Listed entries -

******************************

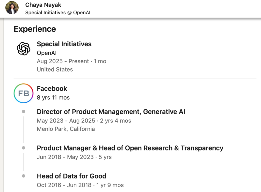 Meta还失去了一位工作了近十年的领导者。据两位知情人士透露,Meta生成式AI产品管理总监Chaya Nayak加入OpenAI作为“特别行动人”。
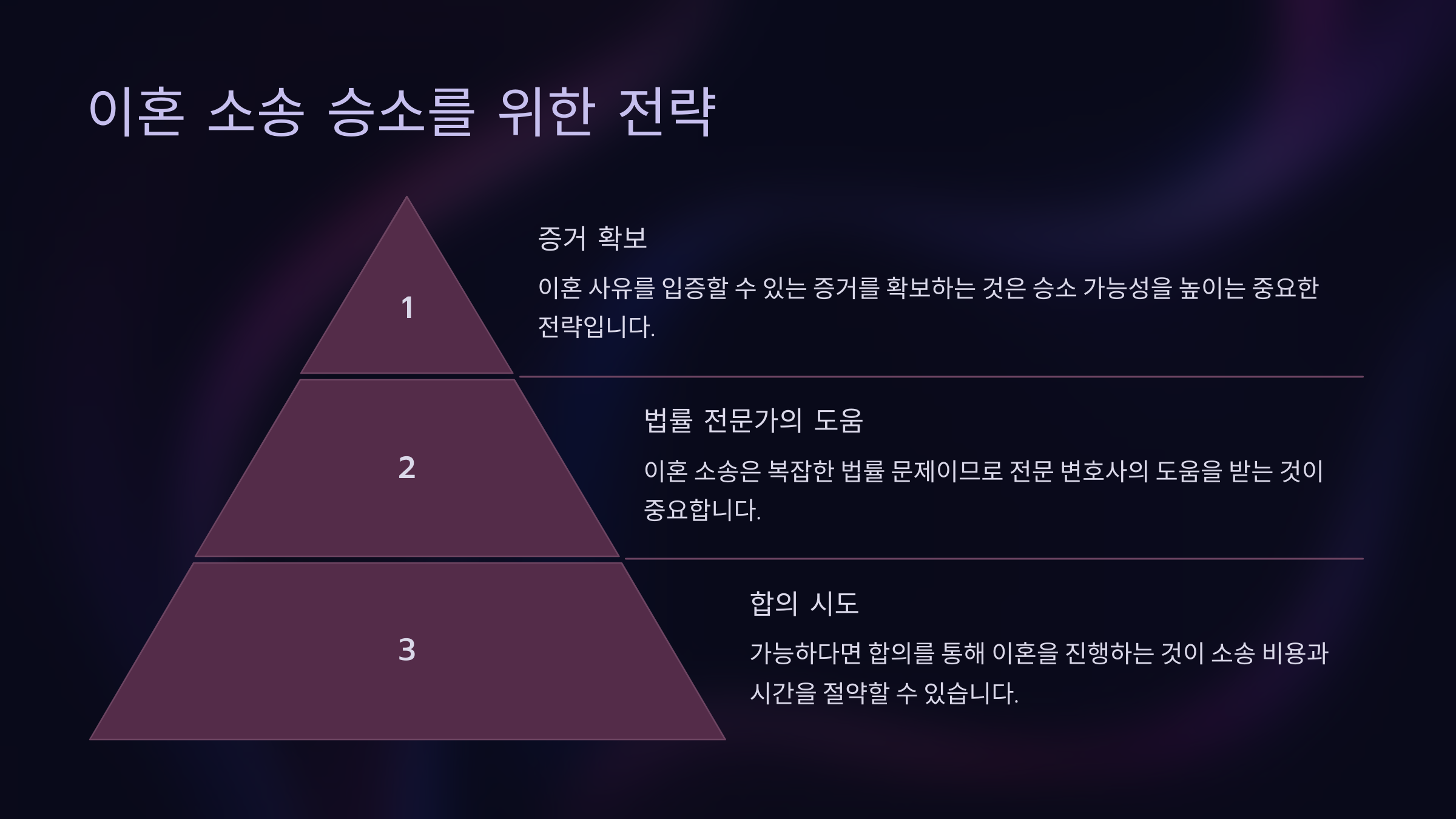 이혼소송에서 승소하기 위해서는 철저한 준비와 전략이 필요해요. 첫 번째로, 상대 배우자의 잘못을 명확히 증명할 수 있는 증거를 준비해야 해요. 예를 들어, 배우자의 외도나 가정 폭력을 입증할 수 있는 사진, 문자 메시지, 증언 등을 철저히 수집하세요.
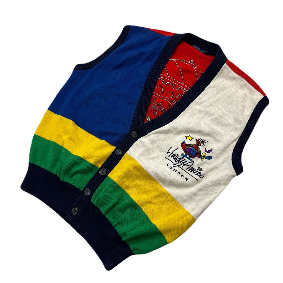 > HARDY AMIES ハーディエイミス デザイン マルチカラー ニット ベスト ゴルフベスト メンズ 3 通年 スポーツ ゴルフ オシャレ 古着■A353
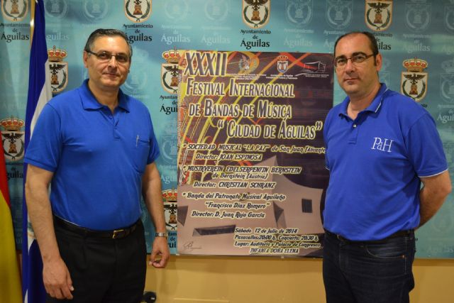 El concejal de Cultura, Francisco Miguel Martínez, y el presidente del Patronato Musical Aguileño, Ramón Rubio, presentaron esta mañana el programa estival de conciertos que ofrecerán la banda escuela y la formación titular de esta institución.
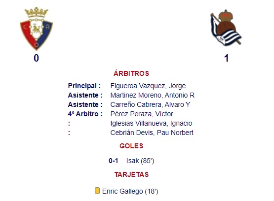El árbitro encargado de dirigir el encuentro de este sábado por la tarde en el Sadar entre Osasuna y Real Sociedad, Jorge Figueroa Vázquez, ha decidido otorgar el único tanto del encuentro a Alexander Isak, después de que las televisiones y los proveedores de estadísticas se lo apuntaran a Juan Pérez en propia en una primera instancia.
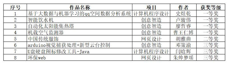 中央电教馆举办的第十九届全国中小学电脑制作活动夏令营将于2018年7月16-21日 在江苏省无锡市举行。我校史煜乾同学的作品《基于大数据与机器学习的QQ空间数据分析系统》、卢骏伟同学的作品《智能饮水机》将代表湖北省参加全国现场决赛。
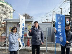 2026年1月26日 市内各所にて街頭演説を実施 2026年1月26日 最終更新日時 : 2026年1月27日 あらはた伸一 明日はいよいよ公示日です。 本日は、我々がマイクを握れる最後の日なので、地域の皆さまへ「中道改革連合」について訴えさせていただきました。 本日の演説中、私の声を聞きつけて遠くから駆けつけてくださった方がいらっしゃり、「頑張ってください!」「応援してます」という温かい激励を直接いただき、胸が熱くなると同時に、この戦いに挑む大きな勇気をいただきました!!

******************************

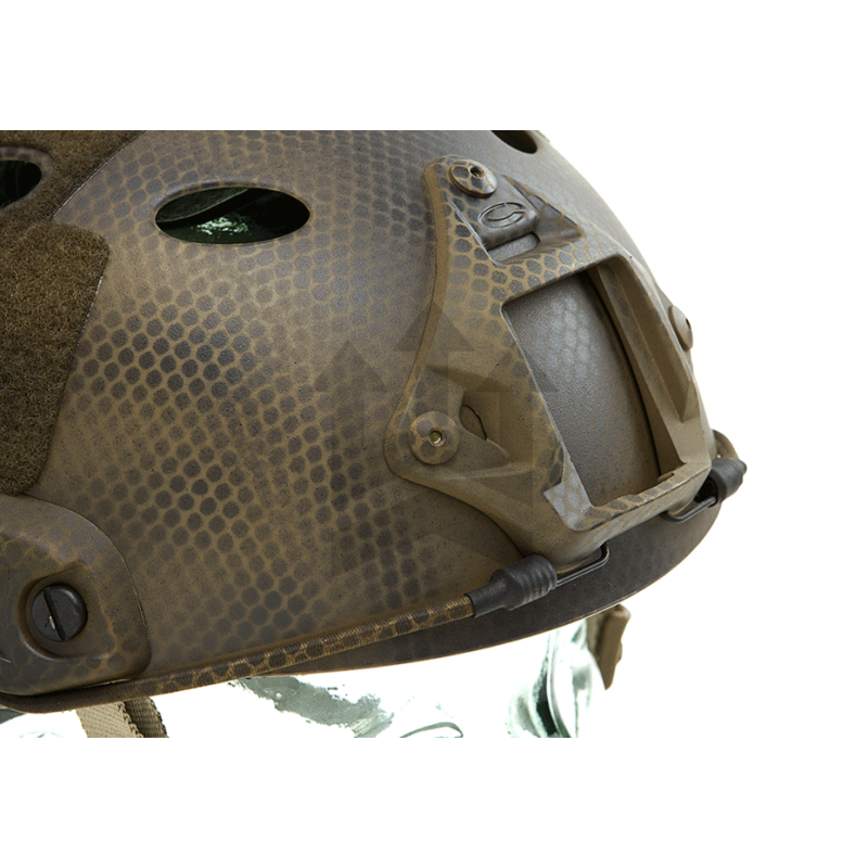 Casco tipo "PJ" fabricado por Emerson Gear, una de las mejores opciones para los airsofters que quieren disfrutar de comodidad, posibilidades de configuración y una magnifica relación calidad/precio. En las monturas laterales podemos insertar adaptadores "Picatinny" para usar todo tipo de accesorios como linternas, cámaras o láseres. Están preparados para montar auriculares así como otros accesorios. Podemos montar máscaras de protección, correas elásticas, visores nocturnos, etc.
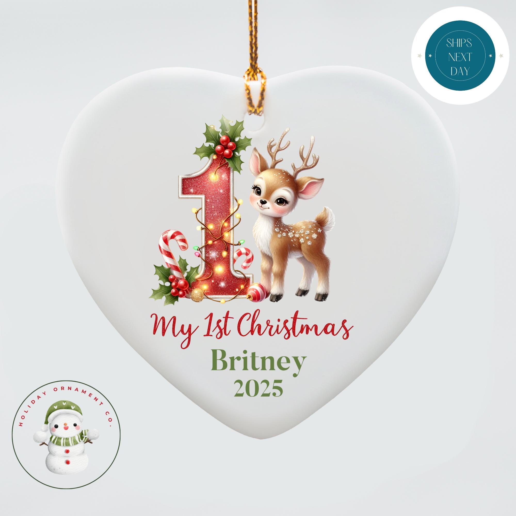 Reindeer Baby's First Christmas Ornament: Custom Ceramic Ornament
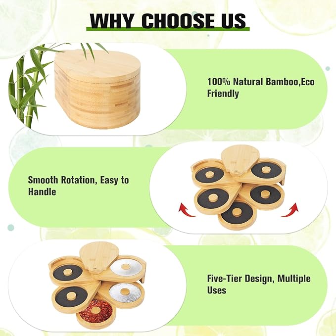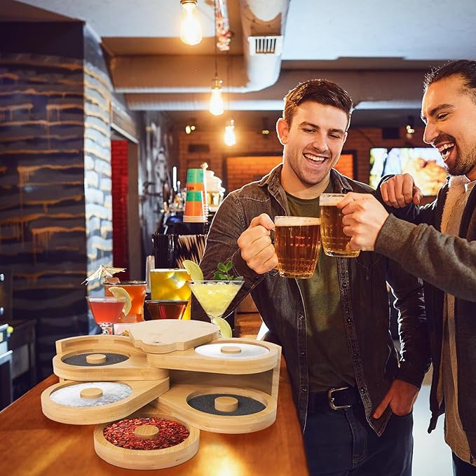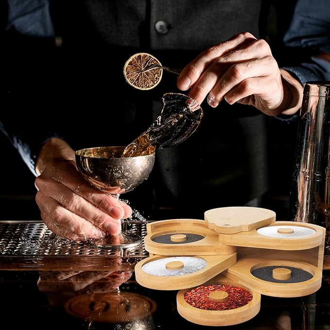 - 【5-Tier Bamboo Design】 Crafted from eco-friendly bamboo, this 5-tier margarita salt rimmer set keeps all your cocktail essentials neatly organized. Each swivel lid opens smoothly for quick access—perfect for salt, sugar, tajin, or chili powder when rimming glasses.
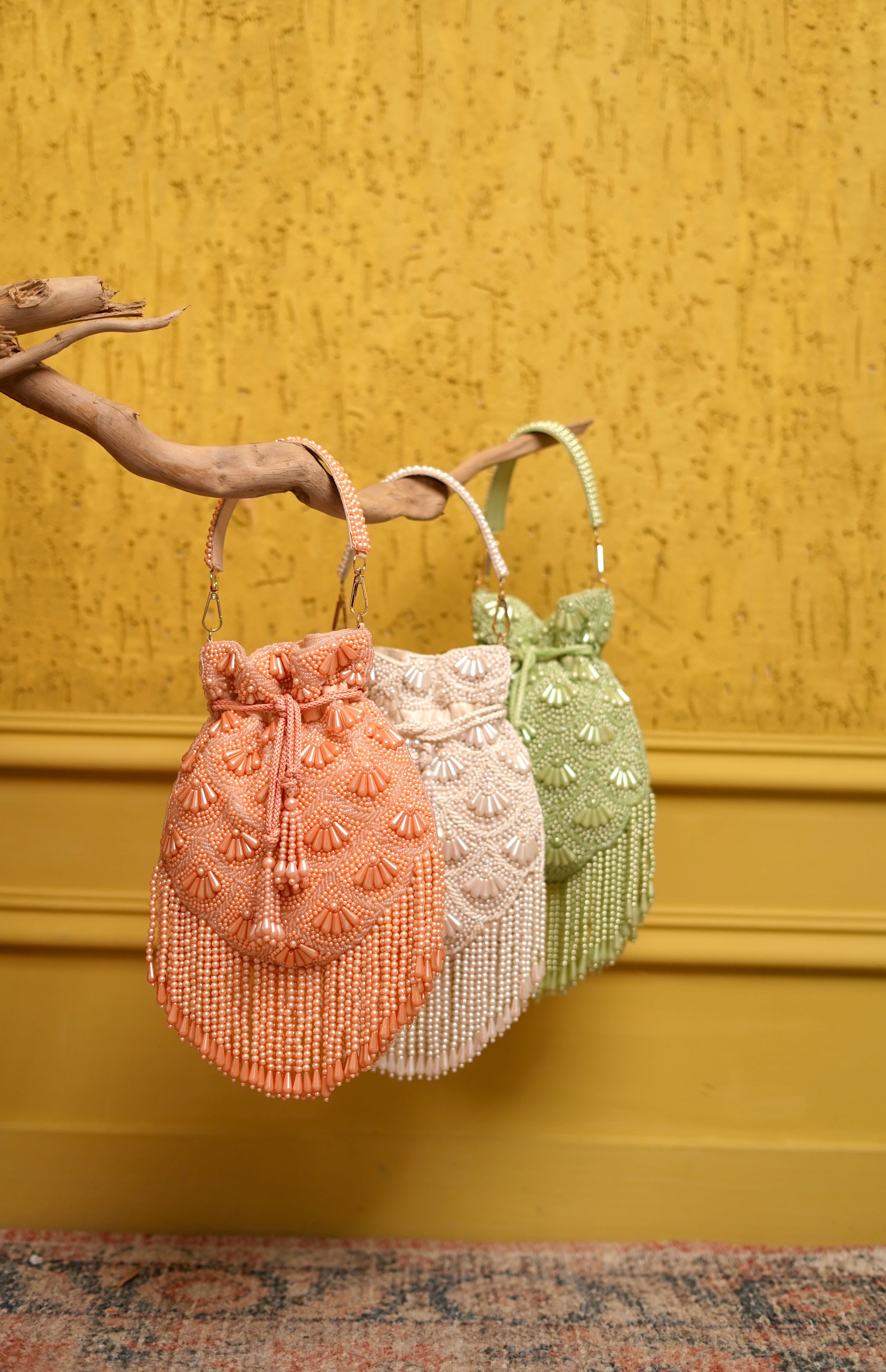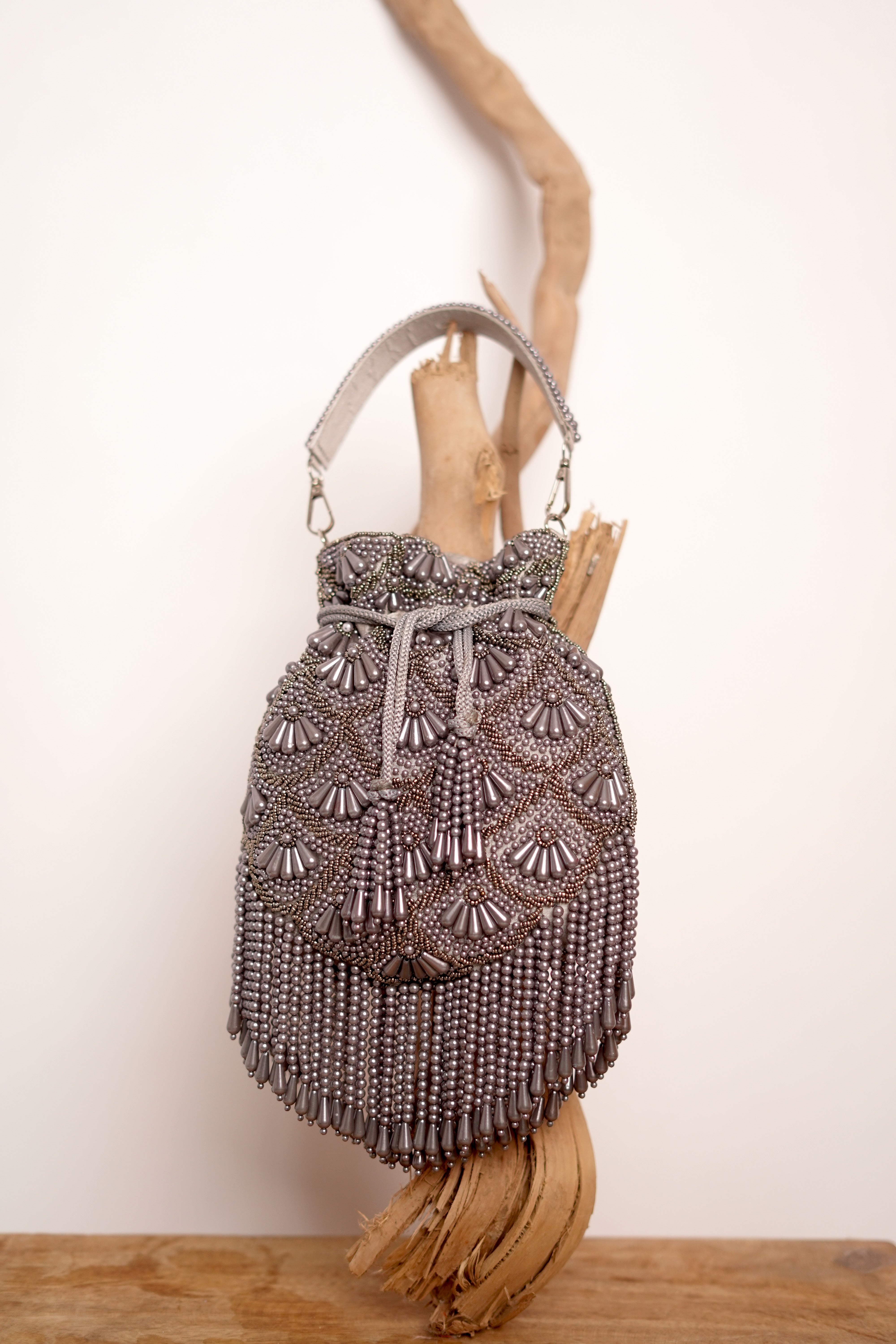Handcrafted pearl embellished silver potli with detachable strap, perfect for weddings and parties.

******************************

Assignment -
Write out exactly the lines above between the one with "Meta还失去了一位工作了近" and the one with "El concejal de", inclusive, with pictures left out.

Solution to this task -
 Meta还失去了一位工作了近十年的领导者。据两位知情人士透露,Meta生成式AI产品管理总监Chaya Nayak加入OpenAI作为“特别行动人”。
 이혼소송에서 승소하기 위해서는 철저한 준비와 전략이 필요해요. 첫 번째로, 상대 배우자의 잘못을 명확히 증명할 수 있는 증거를 준비해야 해요. 예를 들어, 배우자의 외도나 가정 폭력을 입증할 수 있는 사진, 문자 메시지, 증언 등을 철저히 수집하세요.
 > HARDY AMIES ハーディエイミス デザイン マルチカラー ニット ベスト ゴルフベスト メンズ 3 通年 スポーツ ゴルフ オシャレ 古着■A353
 El concejal de Cultura, Francisco Miguel Martínez, y el presidente del Patronato Musical Aguileño, Ramón Rubio, presentaron esta mañana el programa estival de conciertos que ofrecerán la banda escuela y la formación titular de esta institución.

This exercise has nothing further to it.